- **YOUR GOAL**: Could you please write out each line of the records exactly, minus the pictures?

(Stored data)
-- Opening Marker --
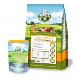 Futterset zur Unterstützung des Magen-Darm-Bereichs für große Hunderassen Ein empfindlicher Magen-Darm-Trakt kann für Hunde sehr belastend sein. Besonders bei großen Hunderassen ist eine gezielte Ernährung entscheidend, um das Wohlbefinden und die Verdauung optimal zu unterstützen. Deshalb haben wir ein hochwertiges Futterset für große Hunde zusammengestellt, das Sie hier zum Sparpreis erhalten. Gut bekömmliches Trockenfutter für große Hunde Eine ausgewogene Ernährung ist essenziell, um die Verdauung Ihres Hundes zu unterstützen und seine natürlichen Abwehrkräfte zu stärken. Unser Bellfor Wiesen-Schmaus ist ein getreidefreies, kaltgepresstes Trockenfutter , das speziell auf die Bedürfnisse großer Hunderassen abgestimmt ist. Es enthält sorgfältig ausgewählte Zutaten und einen hohen Fleischanteil, um eine optimale Nährstoffversorgung zu gewährleisten. Zudem sorgt das Kaltpressverfahren dafür, dass die Kroketten im Magen weniger aufquellen, was das Wohlbefinden großer Hunde zusätzlich unterstützt. Natürliche Unterstützung für die Darmgesundheit Unser Set enthält zusätzlich Bellfor Vermal Pulver, eine natürliche Ergänzung zur Förderung einer ausgeglichenen Darmflora. Dank der speziell abgestimmten Rezeptur ist es gut verträglich und kann problemlos über einen längeren Zeitraum gefüttert werden. Warum dieses Futterset? Dieses Set kombiniert hochwertige Zutaten mit einer speziell entwickelten Rezeptur, um die Verdauung Ihres Hundes bestmöglich zu unterstützen. Dank des Verzichts auf künstliche Zusatzstoffe und die Verwendung natürlicher Inhaltsstoffe trägt es zu einer ausgewogenen Ernährung bei. Das Futterset für große Hunde im Überblick: 4 kg Bellfor Wiesen-Schmaus (kaltgepresstes, getreidefreies Trockenfutter) 80 g Bellfor Vermal Pulver (natürliche Unterstützung für die Darmgesundheit) Bestellen Sie dieses hochwertige Futterset zum Sparpreis und fördern Sie die Verdauung Ihres Hundes mit bewährter Bellfor-Qualität!
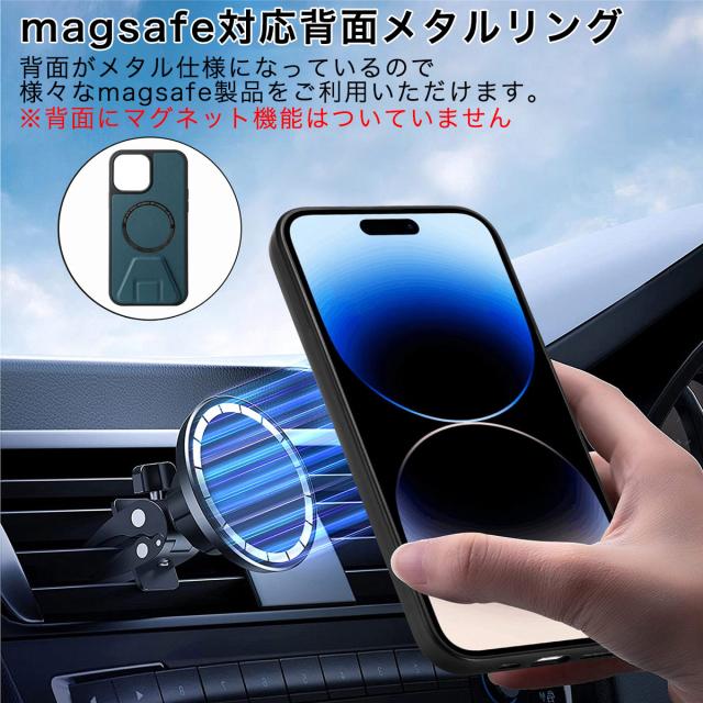 背面にはmagsafe製品に対応したメタルリングが内蔵されているため、様々なmagsafe製品をご使用いただけます。※マグネット機能は付いておりません。
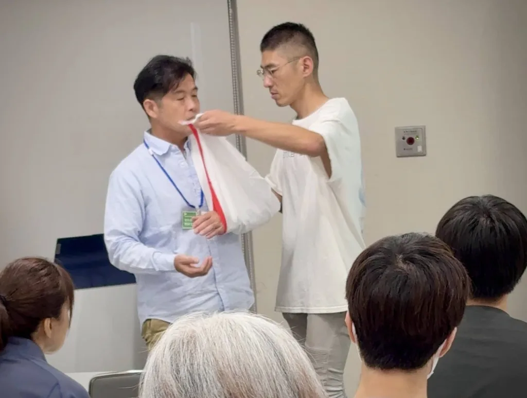 実習では、身近な物を使ったファーストエイドを学びました。もしもの時に身の回りにあるもの(例:タオル、雑誌など)を代用して、応急処置を行う方法を実習しました。災害時など、十分な資機材がない状況でも対応できる実践的な知識を深めました。
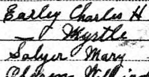 In 1930, Myrtle, aged 26, lived with her husband, Charles H. Earley, 43, and a roomer, Mary Salyer, 39. They rented an apartment at 300 West Watauga Avenue, Johnson City, Tennessee, for $35 per month. Everyone in the household was married, although Mary’s husband was not present. Charles and Myrtle married when Charles was 43 and Myrtle was 25. Charles and his parents were born in Indiana, while Myrtle’s birthplace was mistakenly listed as Alabama, though she and her parents were from South Carolina. Mary and her parents were born in Georgia. Everyone in the household could read and write English. Charles was a machinery salesman and was not a veteran. Name listed: Myrtle Earley7
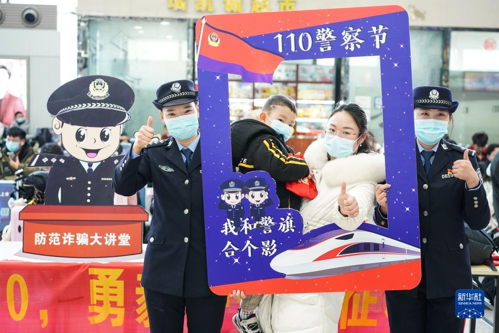 南京鐵路公安處聯(lián)合南京市公安局公交治安分局在南京火車站舉行迎接“中國(guó)人民警察節(jié)”活動(dòng),民警和旅客在活動(dòng)上合影(2022年1月7日攝)。新華社記者季春鵬攝
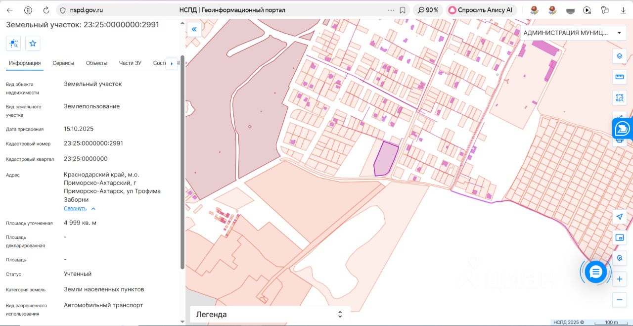 Земельный участок, расположенный по адресу: Краснодарский край, м.о. Приморско-Ахтарский, г. Приморско-Ахтарск, ул. Трофима Заборни, из состава земель населенных пунктов, с разрешенным видом использования автомобильный транспорт, с кадастровым номером 23:25:0000000:2991, площадью 4999 кв.м.
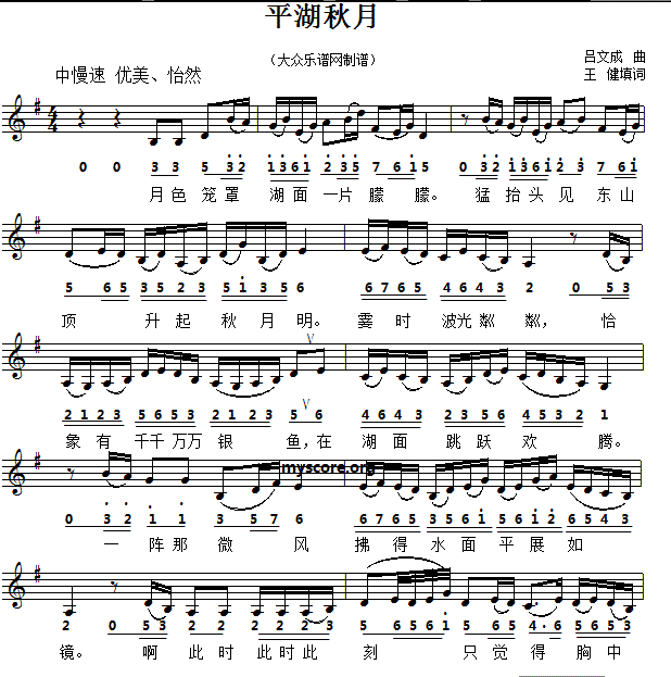 > 名曲填词歌 平湖秋月
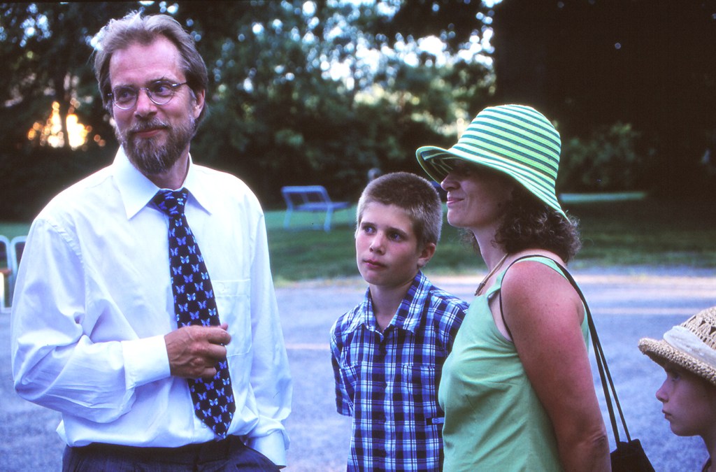 Ilkka Hanski perheineen Espoon Oittaalla 28.7.2001, kun hänen oppilaansa, nykyään professori Otso Ovaskainen vihittiin Merin kanssa. Täpläverkkoperhonen (Melitaea cinxia) Kirkkonummella kesäkuussa 1996 (TH).
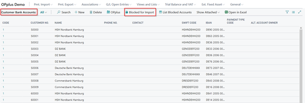 When running the Generate OPplus Setup Entries function the first time, your own bank accounts will be automatically blocked for the import. To see your own blocked bank accounts, they will be listed in the beginning of the Ext. Customer Bank Account List window.
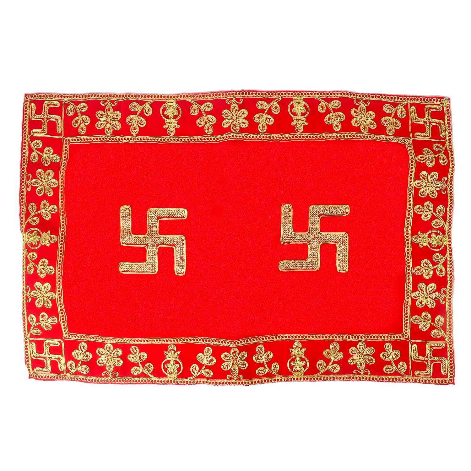 Heavy Design Aasan | Velvet Pooja Mat Set | Designer Puja Aasan | Aasan 15x23 Pack of 4 | Chowki Cover Cloth | Temple Cloth Set | Puja Aasan Velvet | Decorative Mandir Aasan | Red Velvet Asan with Lace | Religious Mat for Temple
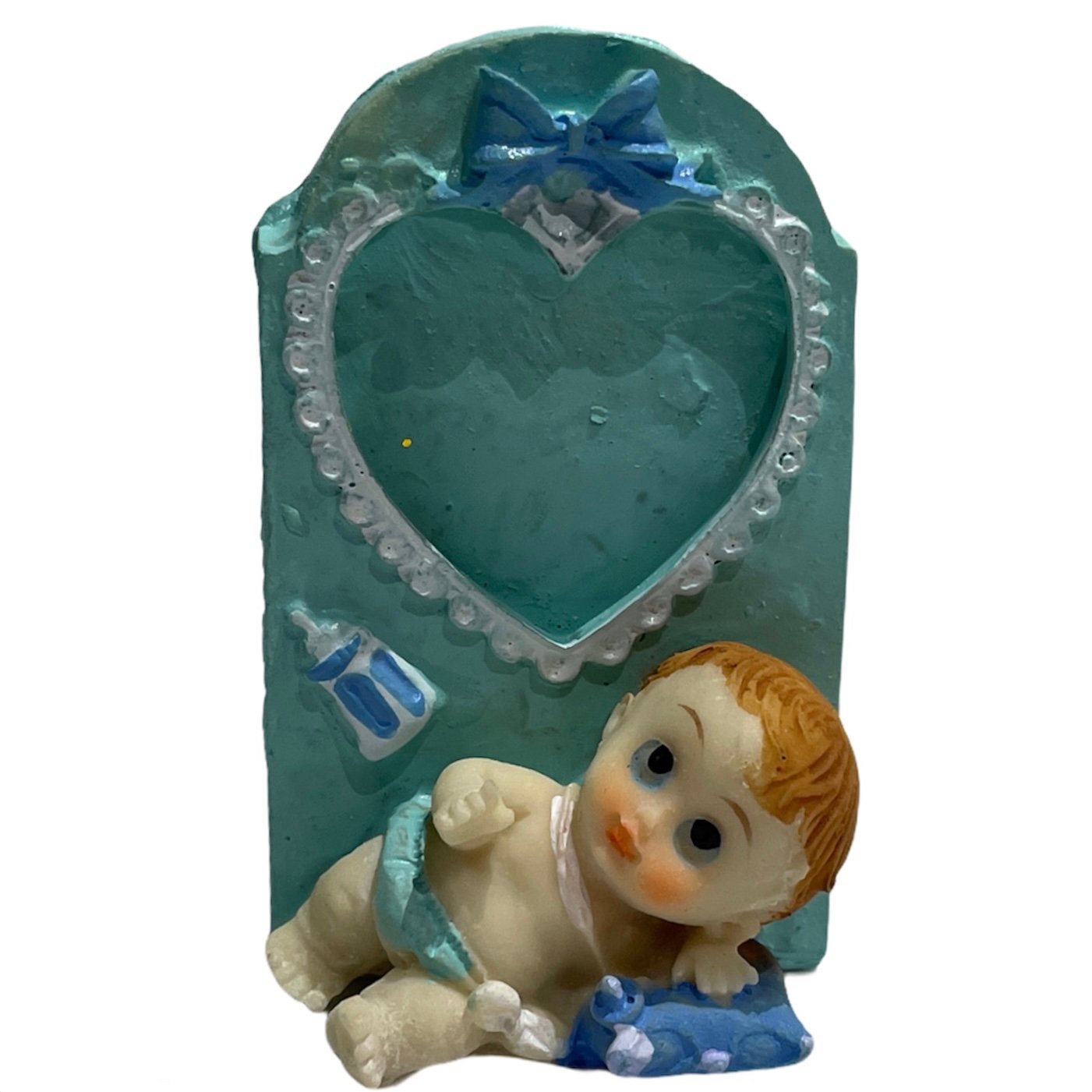 Bibeloul ce reprezintă un bebeluș așezat pe o pernă poate fi o mărturie drăguță oferită invitaților la botez.Se poate pune în rama foto poza bebelușului . Figurina este realizată din polirășină vopsită și poate prezenta mici imperfecțiuni de turnare. Dimensiuni 7 x 4 x 3 cm
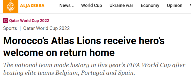 作为首支晋级世界杯四强的非洲球队,摩洛哥队在本届卡塔尔世界杯的表现让人们印象深刻,先后击败比利时、西班牙、葡萄牙等强队,虽然未能将“黑马”之路进行到底,但这支北非劲旅用流畅的攻势足球令世界足坛尊重。摩洛哥世界新闻网站提到,摩洛哥皇室一直是这支球队的忠实拥趸,在球队1/8决赛中爆冷击败西班牙后,摩洛哥国王穆罕默德六世也参加了街头的庆祝活动。
-- Closing Marker --
- **EXERCISE SOLUTION**:
 Futterset zur Unterstützung des Magen-Darm-Bereichs für große Hunderassen Ein empfindlicher Magen-Darm-Trakt kann für Hunde sehr belastend sein. Besonders bei großen Hunderassen ist eine gezielte Ernährung entscheidend, um das Wohlbefinden und die Verdauung optimal zu unterstützen. Deshalb haben wir ein hochwertiges Futterset für große Hunde zusammengestellt, das Sie hier zum Sparpreis erhalten. Gut bekömmliches Trockenfutter für große Hunde Eine ausgewogene Ernährung ist essenziell, um die Verdauung Ihres Hundes zu unterstützen und seine natürlichen Abwehrkräfte zu stärken. Unser Bellfor Wiesen-Schmaus ist ein getreidefreies, kaltgepresstes Trockenfutter , das speziell auf die Bedürfnisse großer Hunderassen abgestimmt ist. Es enthält sorgfältig ausgewählte Zutaten und einen hohen Fleischanteil, um eine optimale Nährstoffversorgung zu gewährleisten. Zudem sorgt das Kaltpressverfahren dafür, dass die Kroketten im Magen weniger aufquellen, was das Wohlbefinden großer Hunde zusätzlich unterstützt. Natürliche Unterstützung für die Darmgesundheit Unser Set enthält zusätzlich Bellfor Vermal Pulver, eine natürliche Ergänzung zur Förderung einer ausgeglichenen Darmflora. Dank der speziell abgestimmten Rezeptur ist es gut verträglich und kann problemlos über einen längeren Zeitraum gefüttert werden. Warum dieses Futterset? Dieses Set kombiniert hochwertige Zutaten mit einer speziell entwickelten Rezeptur, um die Verdauung Ihres Hundes bestmöglich zu unterstützen. Dank des Verzichts auf künstliche Zusatzstoffe und die Verwendung natürlicher Inhaltsstoffe trägt es zu einer ausgewogenen Ernährung bei. Das Futterset für große Hunde im Überblick: 4 kg Bellfor Wiesen-Schmaus (kaltgepresstes, getreidefreies Trockenfutter) 80 g Bellfor Vermal Pulver (natürliche Unterstützung für die Darmgesundheit) Bestellen Sie dieses hochwertige Futterset zum Sparpreis und fördern Sie die Verdauung Ihres Hundes mit bewährter Bellfor-Qualität!
 背面にはmagsafe製品に対応したメタルリングが内蔵されているため、様々なmagsafe製品をご使用いただけます。※マグネット機能は付いておりません。
 実習では、身近な物を使ったファーストエイドを学びました。もしもの時に身の回りにあるもの(例:タオル、雑誌など)を代用して、応急処置を行う方法を実習しました。災害時など、十分な資機材がない状況でも対応できる実践的な知識を深めました。
 In 1930, Myrtle, aged 26, lived with her husband, Charles H. Earley, 43, and a roomer, Mary Salyer, 39. They rented an apartment at 300 West Watauga Avenue, Johnson City, Tennessee, for $35 per month. Everyone in the household was married, although Mary’s husband was not present. Charles and Myrtle married when Charles was 43 and Myrtle was 25. Charles and his parents were born in Indiana, while Myrtle’s birthplace was mistakenly listed as Alabama, though she and her parents were from South Carolina. Mary and her parents were born in Georgia. Everyone in the household could read and write English. Charles was a machinery salesman and was not a veteran. Name listed: Myrtle Earley7
 南京鐵路公安處聯(lián)合南京市公安局公交治安分局在南京火車站舉行迎接“中國(guó)人民警察節(jié)”活動(dòng),民警和旅客在活動(dòng)上合影(2022年1月7日攝)。新華社記者季春鵬攝
 Земельный участок, расположенный по адресу: Краснодарский край, м.о. Приморско-Ахтарский, г. Приморско-Ахтарск, ул. Трофима Заборни, из состава земель населенных пунктов, с разрешенным видом использования автомобильный транспорт, с кадастровым номером 23:25:0000000:2991, площадью 4999 кв.м.
 > 名曲填词歌 平湖秋月
 Ilkka Hanski perheineen Espoon Oittaalla 28.7.2001, kun hänen oppilaansa, nykyään professori Otso Ovaskainen vihittiin Merin kanssa. Täpläverkkoperhonen (Melitaea cinxia) Kirkkonummella kesäkuussa 1996 (TH).
 When running the Generate OPplus Setup Entries function the first time, your own bank accounts will be automatically blocked for the import. To see your own blocked bank accounts, they will be listed in the beginning of the Ext. Customer Bank Account List window.
 Heavy Design Aasan | Velvet Pooja Mat Set | Designer Puja Aasan | Aasan 15x23 Pack of 4 | Chowki Cover Cloth | Temple Cloth Set | Puja Aasan Velvet | Decorative Mandir Aasan | Red Velvet Asan with Lace | Religious Mat for Temple
 Bibeloul ce reprezintă un bebeluș așezat pe o pernă poate fi o mărturie drăguță oferită invitaților la botez.Se poate pune în rama foto poza bebelușului . Figurina este realizată din polirășină vopsită și poate prezenta mici imperfecțiuni de turnare. Dimensiuni 7 x 4 x 3 cm
 作为首支晋级世界杯四强的非洲球队,摩洛哥队在本届卡塔尔世界杯的表现让人们印象深刻,先后击败比利时、西班牙、葡萄牙等强队,虽然未能将“黑马”之路进行到底,但这支北非劲旅用流畅的攻势足球令世界足坛尊重。摩洛哥世界新闻网站提到,摩洛哥皇室一直是这支球队的忠实拥趸,在球队1/8决赛中爆冷击败西班牙后,摩洛哥国王穆罕默德六世也参加了街头的庆祝活动。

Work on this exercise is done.